Many authors have emphasized the importance of truncation (Sell, 1969; Kusnetzova, 1988, 1998; Weberling, 1989), or evolutionary loss of a terminal flower. This transformation results in an evolutionary transition from monotelic to polytelic synflorescences, or (in more general terms) in increased axiality. When putatively primitive members of a natural group bear clearly polytelic synflorescences while putatively advanced members bear what appears to be a terminal flower, closer inspection usually shows that it is either not terminal (i.e. a lateral flower shifted into a pseudoterminal position) or a pseudanthium rather than a flower. In Zannichelliaceae and Cymodoceaceae, we have demonstrated the pseudanthial origin of terminal reproductive units. This raises the question of whether an elaborated terminal pseudanthium could give rise to a ‘true’ flower. This is probably so in cases such as Cymodoceaceae and Zannichelliaceae, in which the terminal structure is derived from two or more united flowers but cannot be subdivided into parts corresponding to putative individual flowers. If it is accepted that the reproductive units of these two families are flowers derived from pseudanthia, then an evolutionary change that is the opposite to truncation could be proposed. This phenomenon, which we term ‘terminalization’, can result in an evolutionary shift from polytelic to monetelic synflorescences and in decreased axiality.

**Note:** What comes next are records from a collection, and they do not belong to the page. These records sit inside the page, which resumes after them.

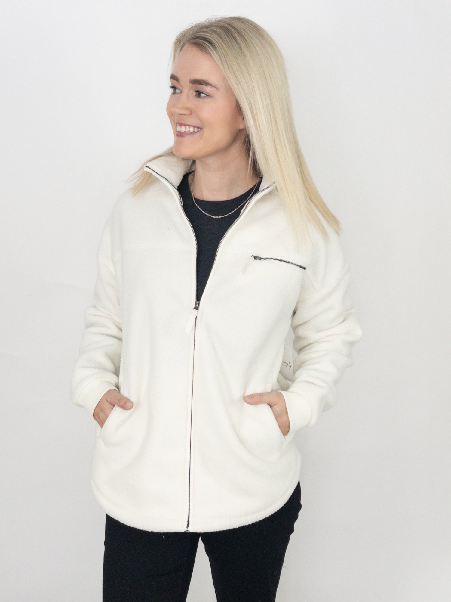 Wrap yourself in cloud-like comfort with this ivory fleece jacket, the ultimate cozy companion for cool weather. Designed with a relaxed drop shoulder fit, convenient zip front, and roomy side pockets, it's as practical as it is plush. The extended shirt tail hem adds a laid-back vibe that works with everything. Perfect for layering on chilly mornings or gifting to someone who deserves a little extra warmth and style. Model is wearing size large.
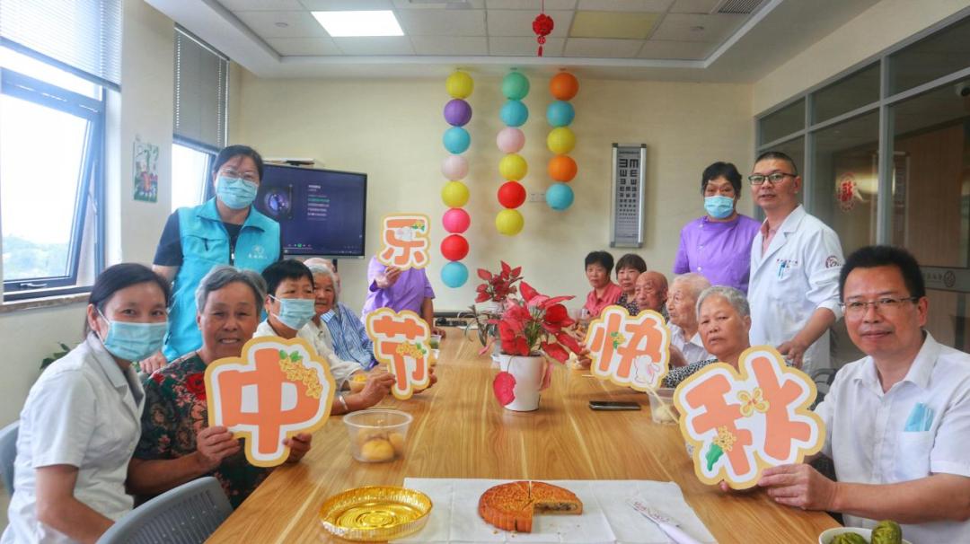 中心的医护人员和老人共度中秋节
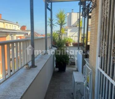 A completare il tutto troviamo un terrazzino di circa 9 mq. da cui si può godere della vista panoramica sulla natura circostante. La propietà si presenta in discrete condizioni e dispone di porta blindata, pavimentazione in parquet, condizionatori, infissi in alluminio con doppio vetro, armadi a muro, ripostigli, tenda da sole e riscaldamento centralizzato con valvole termostatiche. La vista panoramica spazia verso l'insugherata e grazie alla tripla esposizione verso ovest gode di una buona luminosità. Infine, la posizione strategica dell'immobile lo rende comodo a tutti i principali servizi quali negozi e mezzi pubblici.
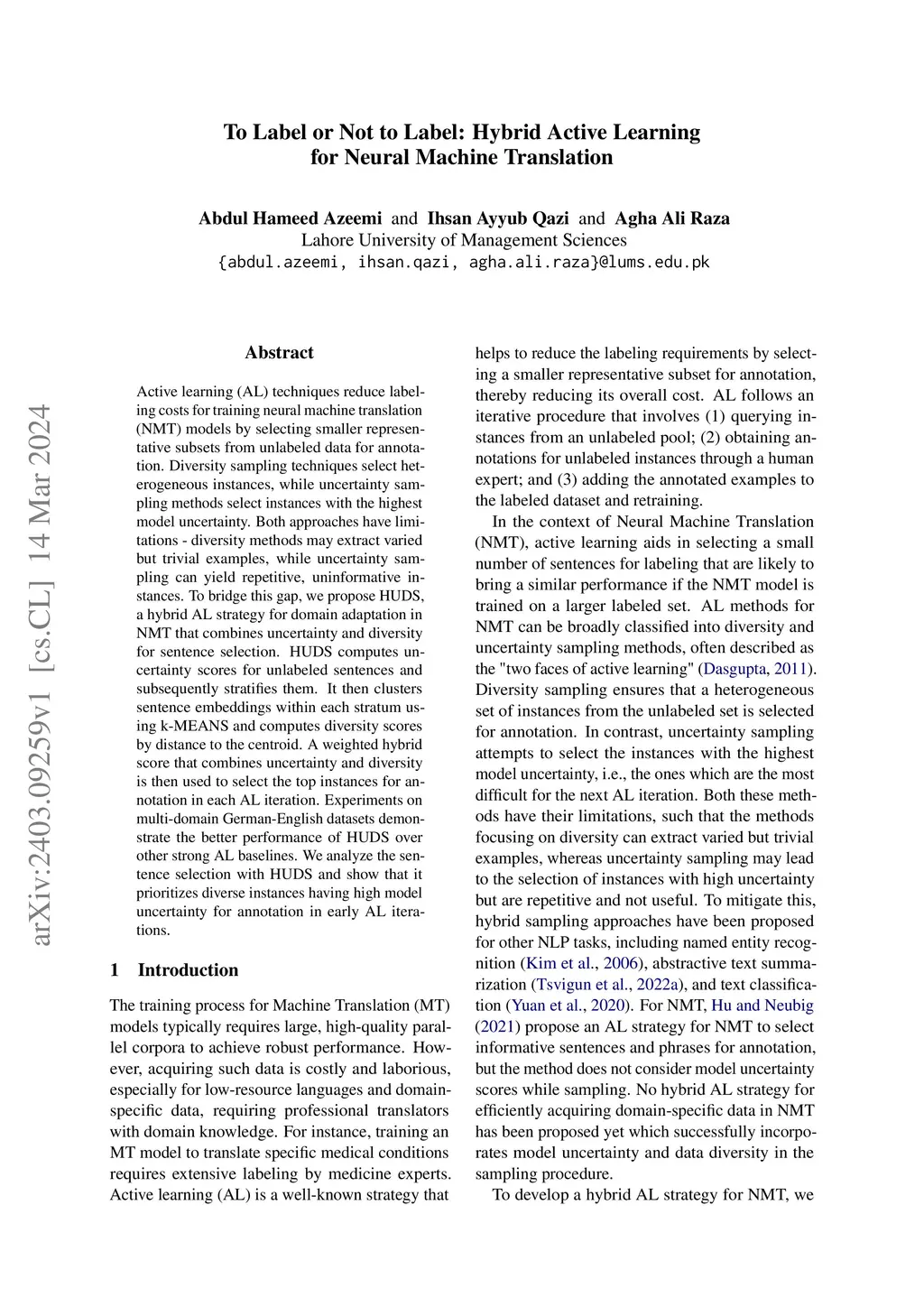 Active learning (AL) techniques reduce labeling costs for training neural machine translation (NMT) models by selecting smaller representative subsets from unlabeled data for annotation. Diversity sampling techniques select heterogeneous instances, while uncertainty sampling methods select instances with the highest model uncertainty. Both approaches have limitations - diversity methods may extract varied but trivial examples, while uncertainty sampling can yield repetitive, uninformative instances. To bridge this gap, we propose HUDS, a hybrid AL strategy for domain adaptation in NMT that combines uncertainty and diversity for sentence selection. HUDS computes uncertainty scores for unlabeled sentences and subsequently stratifies them. It then clusters sentence embeddings within each stratum using k-MEANS and computes diversity scores by distance to the centroid. A weighted hybrid score that combines uncertainty and diversity is then used to select the top instances for annotation in each AL iteration. Experiments on multi-domain German-English datasets demonstrate the better performance of HUDS over other strong AL baselines. We analyze the sentence selection with HUDS and show that it prioritizes diverse instances having high model uncertainty for annotation in early AL iterations.

Terminalization does not necessarily occur via formation of terminal pseudanthia, but could arise by saltation. As mentioned above, several well-known mutants differ from the wild type in the consistent presence of terminal flowers, although the question remains of whether such an apparently simple mechanism could occur during the course of evolution (see also Singer et al., 1999). An example of terminalization that does not necessarily involve pseudanthium formation was described by Endress (1970, 1978) in Hamamelidaceae. In perianth-bearing Hamamelidaceae (e.g. Parrotia), flowers are organized into spikes that are themselves arranged in panicles. Spikes lack either a terminal flower or a TFLS. In perianthless Hamamelidaceae (e.g. Distylium), solitary terminal flowers occur in paniculate inflorescences instead of spikes. There is robust evidence that the ramification pattern in perianthless Hamamelidaceae represents a derived condition (Endress, 1970, 1978).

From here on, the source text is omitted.